## TASK OBJECTIVE
The data that follows is to be copied exactly, with each image removed.

Records from a dataset:
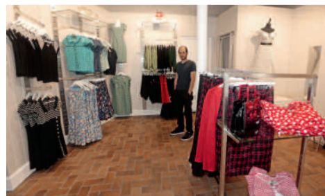
Belgobab - Prêt-à-porter 21, rue du Harlay
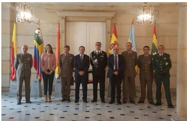
Bogotá, Palacio Presidencial. La delegación IILA - C-IED durante la visita en la Casa de Nariño

La delegación informó a las autoridades militares colombianas de los resultados de la actividad de formación de abril de 2017 y recogió nuevas solicitudes de formación. Durante una reunión con el Jefe del Estado Mayor del Ejército de Colombia, se expusieron los ambiciosos objetivos de transformación del Ejército colombiano con vistas a superar la fase de emergencia y su despliegue gradual y creciente en escenarios internacionales.
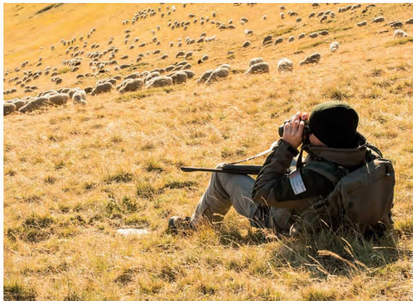
Reconnaissance du territoire en journée

Ces éléments permettront notamment d'établir avec pertinence des zones de sécurité.
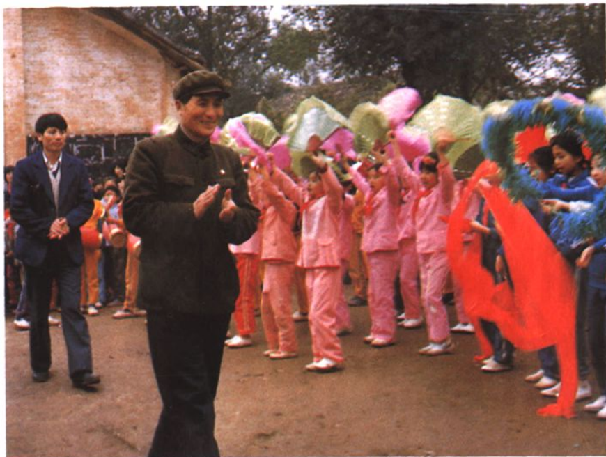
全軍英模、全國社會主義精神文明建設標兵、全國優秀校外輔導員王遐方同志于 1987 年到我縣作報告。圖為縣師範附小(今實驗小學) 師生夾道歡迎王遐芳同志。
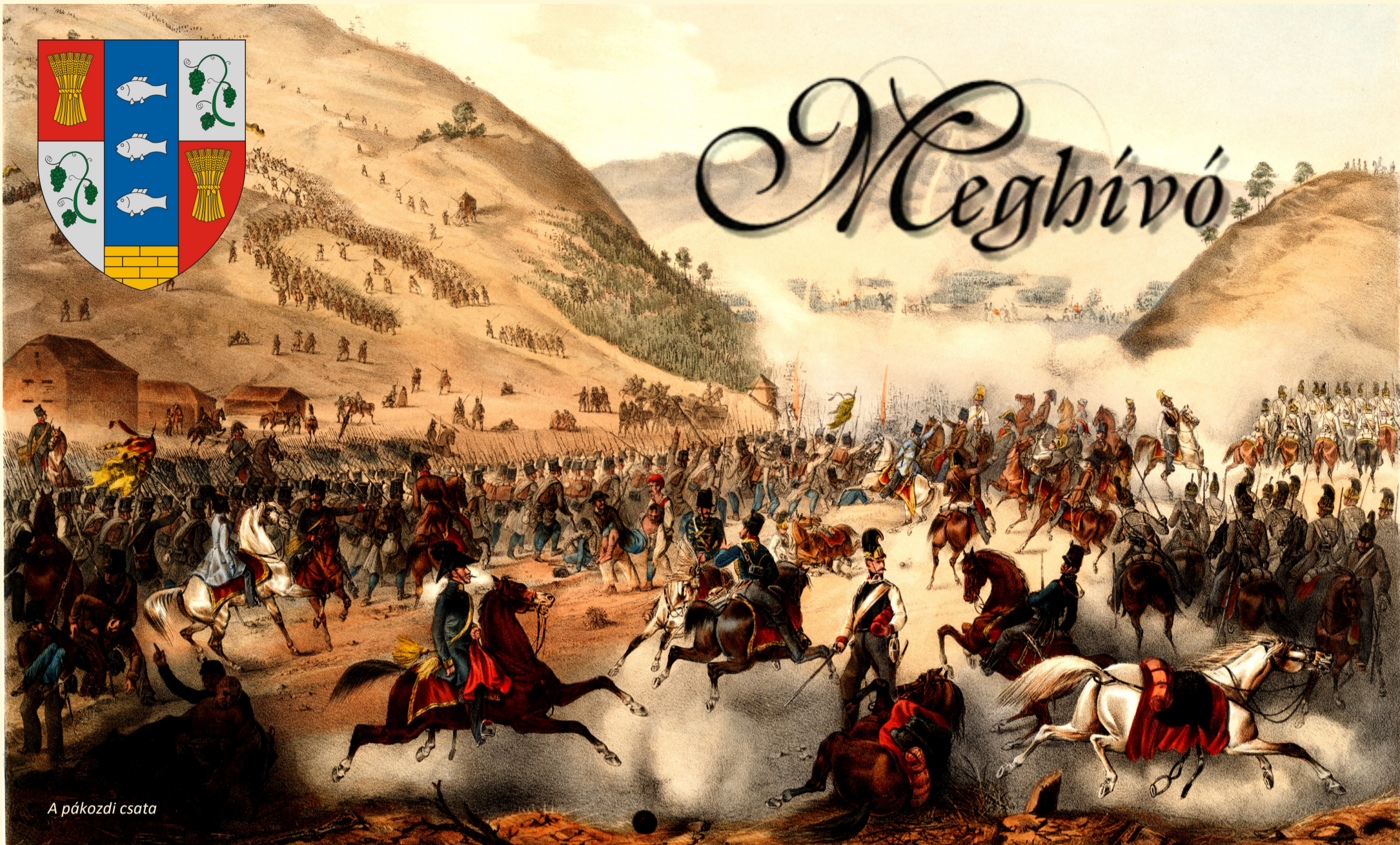
A pákozdai csata

Pátka Község Önkormányzata meghívja Önt és kedves családját az 1848. szeptember 29-ei Pákozd-Sukoró-Pátkai csata 172. évfordulóján tartott megemlékezésre

## EXERCISE RESPONSE
Belgobab - Prêt-à-porter 21, rue du Harlay
Bogotá, Palacio Presidencial. La delegación IILA - C-IED durante la visita en la Casa de Nariño

La delegación informó a las autoridades militares colombianas de los resultados de la actividad de formación de abril de 2017 y recogió nuevas solicitudes de formación. Durante una reunión con el Jefe del Estado Mayor del Ejército de Colombia, se expusieron los ambiciosos objetivos de transformación del Ejército colombiano con vistas a superar la fase de emergencia y su despliegue gradual y creciente en escenarios internacionales.
Reconnaissance du territoire en journée

Ces éléments permettront notamment d'établir avec pertinence des zones de sécurité.
全軍英模、全國社會主義精神文明建設標兵、全國優秀校外輔導員王遐方同志于 1987 年到我縣作報告。圖為縣師範附小(今實驗小學) 師生夾道歡迎王遐芳同志。
A pákozdai csata

Pátka Község Önkormányzata meghívja Önt és kedves családját az 1848. szeptember 29-ei Pákozd-Sukoró-Pátkai csata 172. évfordulóján tartott megemlékezésre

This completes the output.